- Exercise instructions
Give back exactly the lines from the one that holds "国泰君安证券认为,海风有两大" through the final line of the data; omit the pictures and add nothing.

- Given data
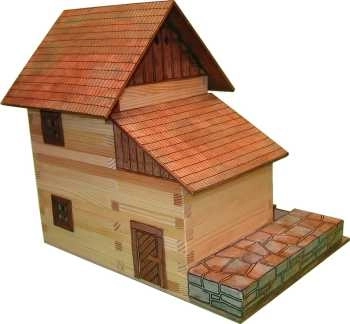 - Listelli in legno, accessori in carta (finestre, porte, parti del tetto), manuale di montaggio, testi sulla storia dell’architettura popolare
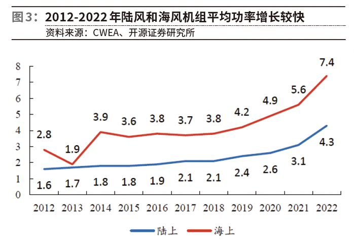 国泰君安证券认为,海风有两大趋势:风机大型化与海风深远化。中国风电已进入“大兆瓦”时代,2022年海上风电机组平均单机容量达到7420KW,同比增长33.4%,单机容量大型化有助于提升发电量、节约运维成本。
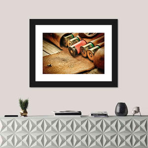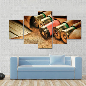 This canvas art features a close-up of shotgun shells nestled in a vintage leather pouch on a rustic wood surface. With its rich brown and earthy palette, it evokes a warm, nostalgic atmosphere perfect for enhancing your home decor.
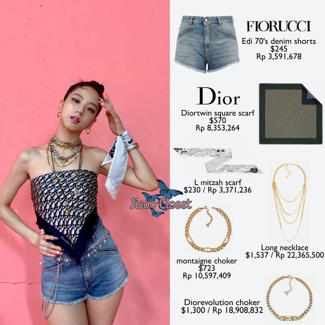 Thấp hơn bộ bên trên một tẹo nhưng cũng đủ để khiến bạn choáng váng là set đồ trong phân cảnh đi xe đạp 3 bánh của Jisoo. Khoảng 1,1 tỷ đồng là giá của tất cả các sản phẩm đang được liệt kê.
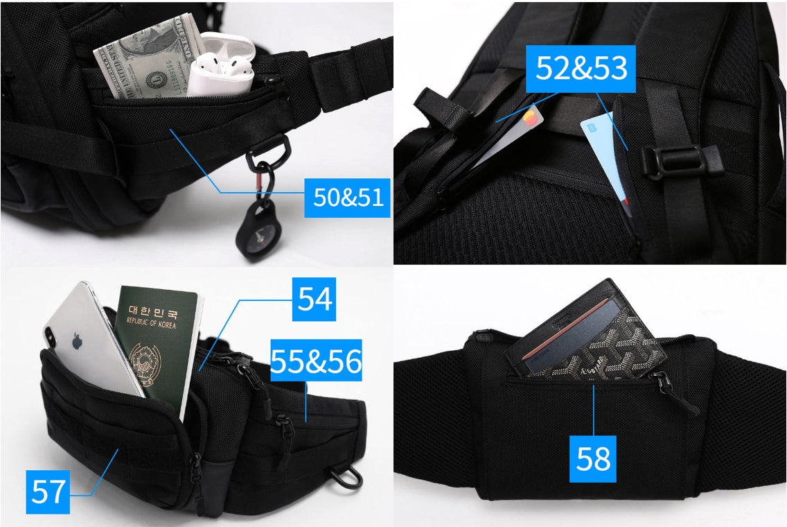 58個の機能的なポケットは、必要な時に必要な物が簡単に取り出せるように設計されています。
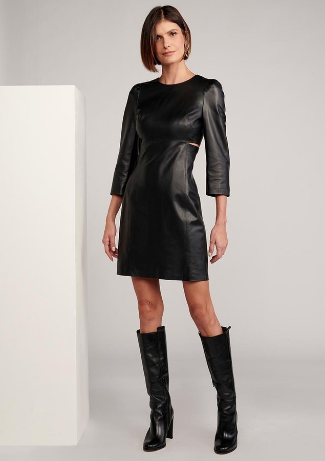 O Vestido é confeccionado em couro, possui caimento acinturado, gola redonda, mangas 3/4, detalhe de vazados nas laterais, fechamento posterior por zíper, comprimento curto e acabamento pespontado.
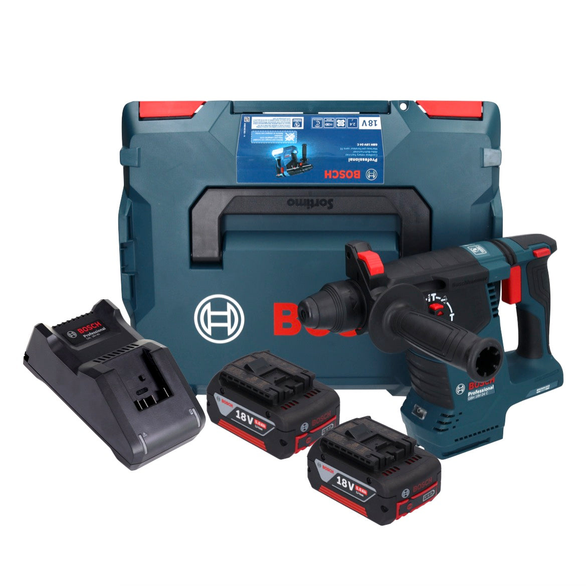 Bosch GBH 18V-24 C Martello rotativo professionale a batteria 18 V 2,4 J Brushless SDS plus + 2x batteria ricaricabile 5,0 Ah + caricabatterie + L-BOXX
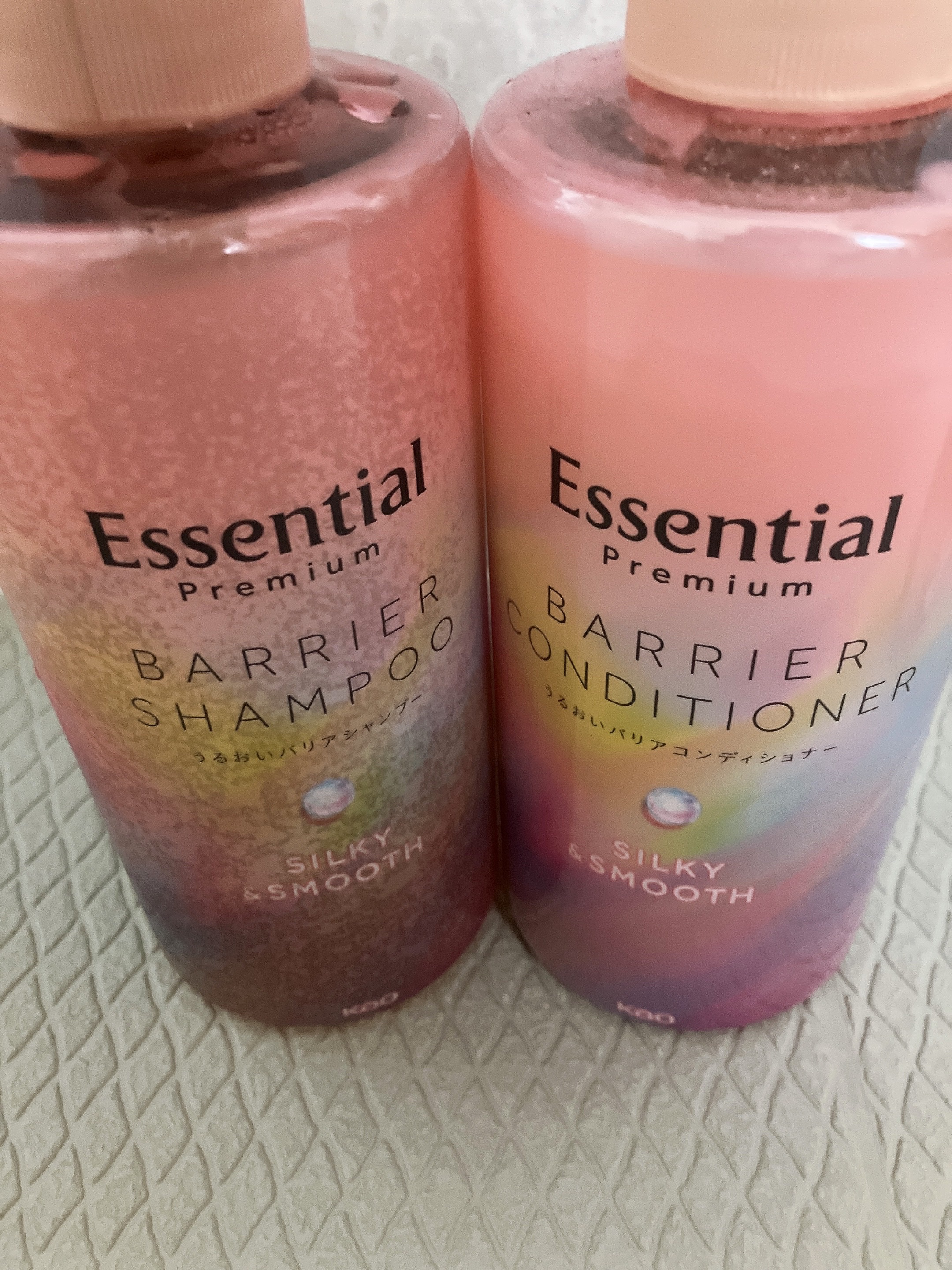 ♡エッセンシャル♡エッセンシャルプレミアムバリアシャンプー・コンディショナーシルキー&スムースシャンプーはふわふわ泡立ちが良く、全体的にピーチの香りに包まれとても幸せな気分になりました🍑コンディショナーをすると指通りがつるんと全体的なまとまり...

- Exercise response
 国泰君安证券认为,海风有两大趋势:风机大型化与海风深远化。中国风电已进入“大兆瓦”时代,2022年海上风电机组平均单机容量达到7420KW,同比增长33.4%,单机容量大型化有助于提升发电量、节约运维成本。
 This canvas art features a close-up of shotgun shells nestled in a vintage leather pouch on a rustic wood surface. With its rich brown and earthy palette, it evokes a warm, nostalgic atmosphere perfect for enhancing your home decor.
 Thấp hơn bộ bên trên một tẹo nhưng cũng đủ để khiến bạn choáng váng là set đồ trong phân cảnh đi xe đạp 3 bánh của Jisoo. Khoảng 1,1 tỷ đồng là giá của tất cả các sản phẩm đang được liệt kê.
 58個の機能的なポケットは、必要な時に必要な物が簡単に取り出せるように設計されています。
 O Vestido é confeccionado em couro, possui caimento acinturado, gola redonda, mangas 3/4, detalhe de vazados nas laterais, fechamento posterior por zíper, comprimento curto e acabamento pespontado.
 Bosch GBH 18V-24 C Martello rotativo professionale a batteria 18 V 2,4 J Brushless SDS plus + 2x batteria ricaricabile 5,0 Ah + caricabatterie + L-BOXX
 ♡エッセンシャル♡エッセンシャルプレミアムバリアシャンプー・コンディショナーシルキー&スムースシャンプーはふわふわ泡立ちが良く、全体的にピーチの香りに包まれとても幸せな気分になりました🍑コンディショナーをすると指通りがつるんと全体的なまとまり...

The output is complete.